The Group Mind

Now and then I get an email out of the blue that reminds me that I wrote a book about tradition. Most recently it was someone doing a final project on the subject, asking for my feelings on the question “Will our family traditions affect the morals of teens as they become older or do these traditions get forgotten?”

It was hard to write much more than platitudes in under 300 words, and any more than that would have been writing his project for him, but I gave it a go:

I would say that it's inevitable that a particular family's beliefs and mores (its own family traditions) will affect the beliefs and mores of its children, as they are a major part of the cultural environment those children are raised in. If you mean "family traditions" more broadly - i.e., what politicians call "traditional family values" - those, too, will have some impact on any member of society, but probably not as strong as [those] of a child's family and peer group.

But it all depends on what you mean by "affect". A family tradition or belief might affect a child in the sense that he or she adopts it, or it might affect him or her in the sense that he or she rejects it. As the teenage years are a time when physical and psychological changes often encourage us to question the values we were brought up with, it's by no means predictable which way any of us will go.

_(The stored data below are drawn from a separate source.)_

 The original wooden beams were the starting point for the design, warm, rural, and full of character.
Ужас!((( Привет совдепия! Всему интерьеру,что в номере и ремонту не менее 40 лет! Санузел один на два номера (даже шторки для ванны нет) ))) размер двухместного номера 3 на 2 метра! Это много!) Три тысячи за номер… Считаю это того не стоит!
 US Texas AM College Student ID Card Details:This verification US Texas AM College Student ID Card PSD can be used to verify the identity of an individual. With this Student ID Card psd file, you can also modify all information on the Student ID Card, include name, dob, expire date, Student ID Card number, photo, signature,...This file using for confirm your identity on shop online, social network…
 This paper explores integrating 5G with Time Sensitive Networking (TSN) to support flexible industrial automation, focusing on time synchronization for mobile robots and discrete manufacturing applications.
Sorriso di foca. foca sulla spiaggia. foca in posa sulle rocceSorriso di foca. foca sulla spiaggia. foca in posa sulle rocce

A child of strongly religious parents may end up as strong a believer as their parents, or as an atheist. You would need a lot more information about what else is going in a particular teenager's life, what other influences they're being exposed to, before you could predict *how* they will be affected by their family traditions.

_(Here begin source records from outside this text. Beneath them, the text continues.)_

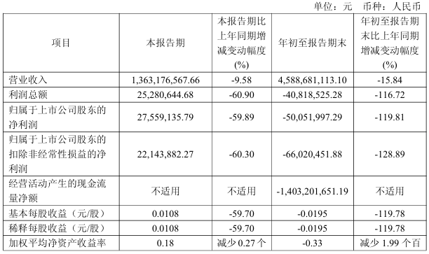 从营收端来看,公司本季度实现营业收入13.63亿元,较上年同期减少9.58%;年初至报告期末,营业收入累计达45.89亿元,同比降幅达15.84%。
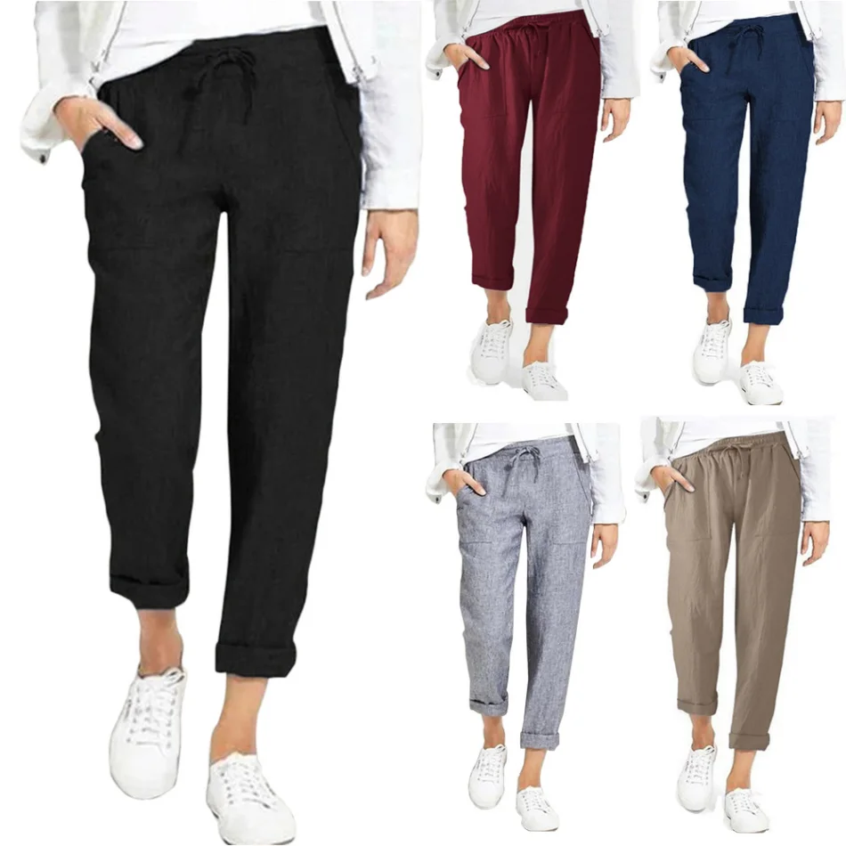 Women's Pants New In Korean Fashion Commuter High Waist Women Clothes Cotton Lace-up Pencil Wide Trousers Streetwear Black Pants
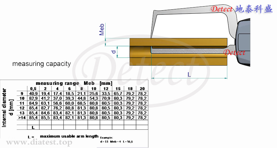 KROEPLIN645E-107数显式管壁厚度测量卡规,测量范围为0.00mm-20.00mm,最大测量深度:80mm;测点形式为可动测头为楔形R0.4,固定测头为球形Φ1.5,用途为:外径测量
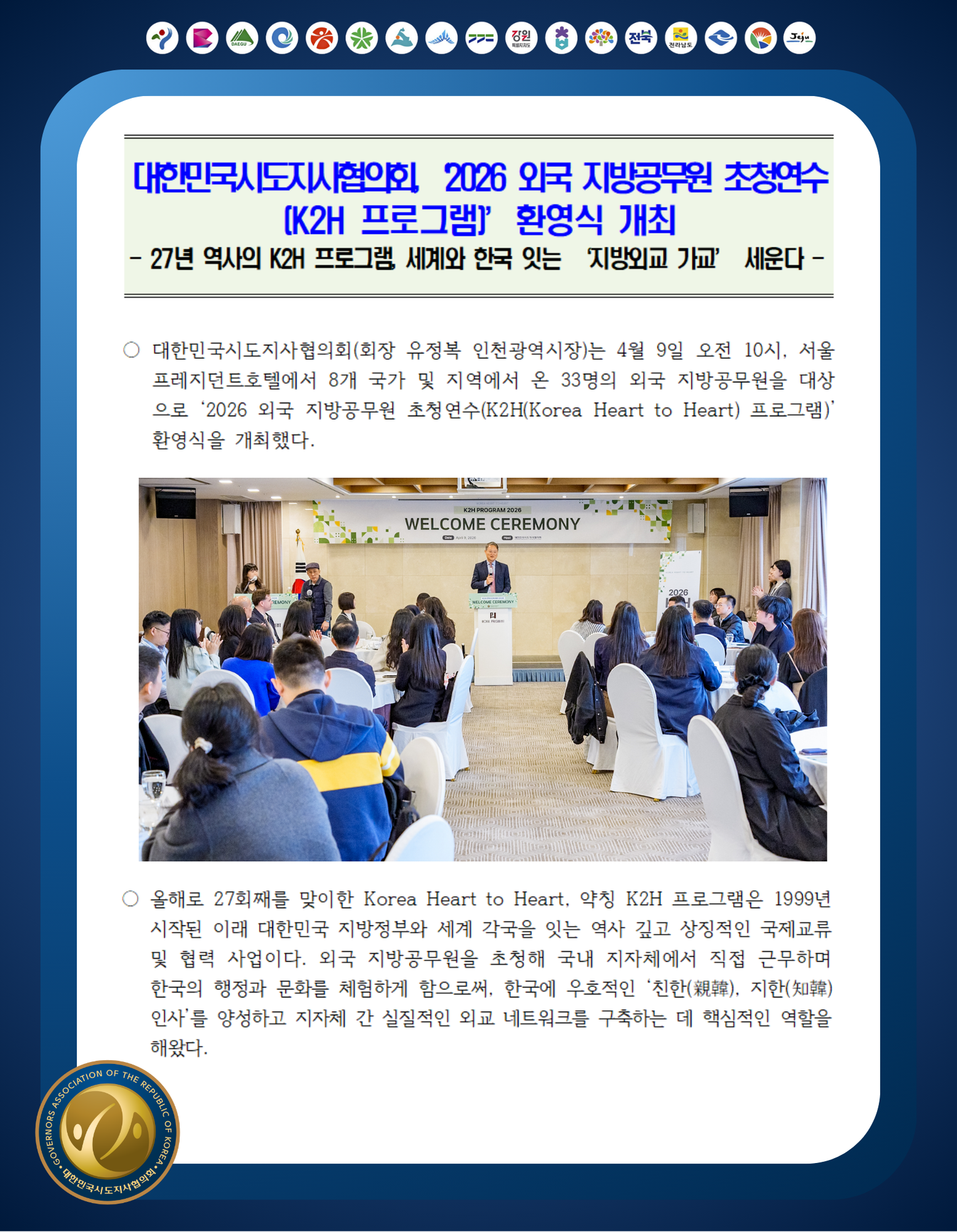대한민국시도지사협의회의 행사/세미나를 소개합니다.
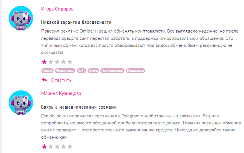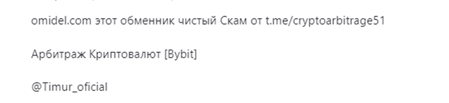 В отзывах о Omidel арбитражники жалуются, что связка, предложенная телеграм-каналом «Арбитраж Криптовалют [Bybit]» не работает. Деньги зависают в обменнике на неопределенное время без возможности отмены сделки.

But I doubt [we] forget those traditions, even if we reject them, and it's always possible that we might return to them later in life, when the changes of puberty and young adulthood have settled down. That, in turn, would depend on how strongly any competing value systems have taken hold on us in the interim.

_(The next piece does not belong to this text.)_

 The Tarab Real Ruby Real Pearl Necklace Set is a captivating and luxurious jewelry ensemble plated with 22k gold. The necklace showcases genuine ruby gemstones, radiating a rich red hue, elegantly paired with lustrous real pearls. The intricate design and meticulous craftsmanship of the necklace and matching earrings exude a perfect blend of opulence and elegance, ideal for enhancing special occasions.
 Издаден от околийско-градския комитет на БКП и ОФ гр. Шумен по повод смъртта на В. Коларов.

Seems a bit obvious, now that I re-read it. And it’s obvious how my thinking has been influenced by the last book I read, Barbara Strauch’s Why Are They So Weird? What’s Really Going On in a Teenager’s Brain. What sounds like a manual for parents is more a journalist’s tour of the cutting edge of neuroscience, which in recent years has completely revised its views about brain development in the teens and early twenties. It’s the kind of book that forces you to think about your own development as a young adult and beyond. To think that there are solid neurological reasons for our teenage sense of impulsiveness, lack of foresight, depression, zest for life, even sleeping in until all hours, is strangely reassuring. And the section on dopamine and our quest for novelty definitely had me thinking about tradition, as well as my (and many people’s) addiction to travel. I read a lot of books about neuroscience and memory when I was thinking about tradition; one day I’ll have to revisit it in the light of this new research.